── The data

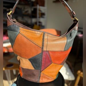Hard to find, especially in such great condition. This limited edition collector’s bag is made from sumptuous and supple leather in rich patchwork tones of Black, Mahogany, British Tan, Rust, Bottle Green, Burgundy and Putty, beautifully stitched together with top stitching that makes each section pop. Thick, chunky antique brass hardware. Original Collector’s Edition Hangtag and braided leather shoulder strap. Lined in silky rich brown fabric with slip pockets and zippered pocket.
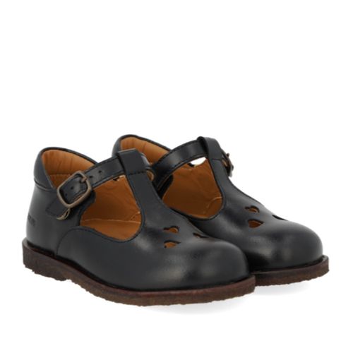 Fallegir t-banda spariskór úr mjúku leðri með spennu yfir rist. Hjarta gatamynstur að ofan. Leðurklæddir að innan og í góðu innleggi. Stífður hælkappi sem styður vel við hæl og ökkla. Sólinn er úr 100% hrágúmmíi. Breiddin er miðlungs.
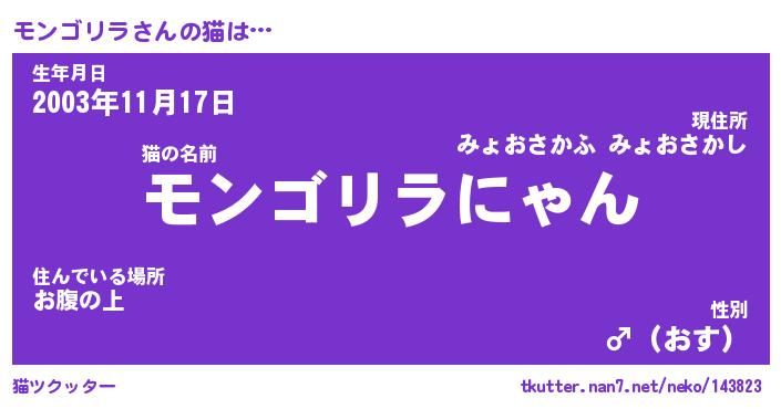 | 女子向けラノベタイトル風あだ名 | 『(仮)モンゴリラのやんごとなき事情』 |
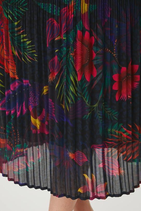 Юбка из коллекции Medicine. Модель прямого кроя, выполнена из плиссированной ткани. - Простой дизайн. - Повышенное состояние. - Эластичный пояс. - Плиссированный материал. - Модель изготовлена из прозрачного материала. - Дополнительный слой материала в виде подкладки. - Узорчатая ткань. - Узор с растительными и животными мотивами. - Модель макси длины. - Ширина талии (до растягивания): 34,5 см. - Ширина талии (после растяжения): 49 см. - Длина: 86 см. - Размеры указаны для размера: S.
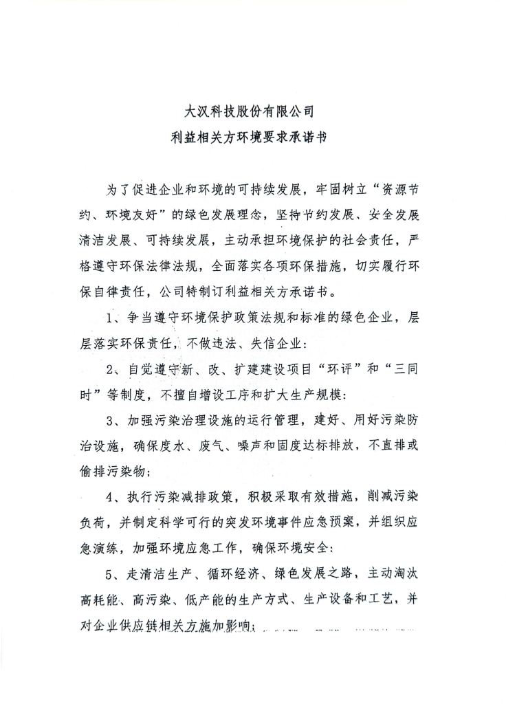 大漢科技股份有限公司利益相關(guān)方環(huán)境要求承諾書
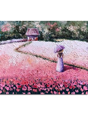 Pintura a óleo pintada à mão arte de parede pintada à mão paisagem abstrata e flores vermelhas pintura em tela decoração para casa decoração moldura esticada pronta para pendurar

────

No pictures should appear in the copy, and each record above is to be returned exactly.

Task solution
Hard to find, especially in such great condition. This limited edition collector’s bag is made from sumptuous and supple leather in rich patchwork tones of Black, Mahogany, British Tan, Rust, Bottle Green, Burgundy and Putty, beautifully stitched together with top stitching that makes each section pop. Thick, chunky antique brass hardware. Original Collector’s Edition Hangtag and braided leather shoulder strap. Lined in silky rich brown fabric with slip pockets and zippered pocket.
 Fallegir t-banda spariskór úr mjúku leðri með spennu yfir rist. Hjarta gatamynstur að ofan. Leðurklæddir að innan og í góðu innleggi. Stífður hælkappi sem styður vel við hæl og ökkla. Sólinn er úr 100% hrágúmmíi. Breiddin er miðlungs.
 | 女子向けラノベタイトル風あだ名 | 『(仮)モンゴリラのやんごとなき事情』 |
 Юбка из коллекции Medicine. Модель прямого кроя, выполнена из плиссированной ткани. - Простой дизайн. - Повышенное состояние. - Эластичный пояс. - Плиссированный материал. - Модель изготовлена из прозрачного материала. - Дополнительный слой материала в виде подкладки. - Узорчатая ткань. - Узор с растительными и животными мотивами. - Модель макси длины. - Ширина талии (до растягивания): 34,5 см. - Ширина талии (после растяжения): 49 см. - Длина: 86 см. - Размеры указаны для размера: S.
 大漢科技股份有限公司利益相關(guān)方環(huán)境要求承諾書
 Pintura a óleo pintada à mão arte de parede pintada à mão paisagem abstrata e flores vermelhas pintura em tela decoração para casa decoração moldura esticada pronta para pendurar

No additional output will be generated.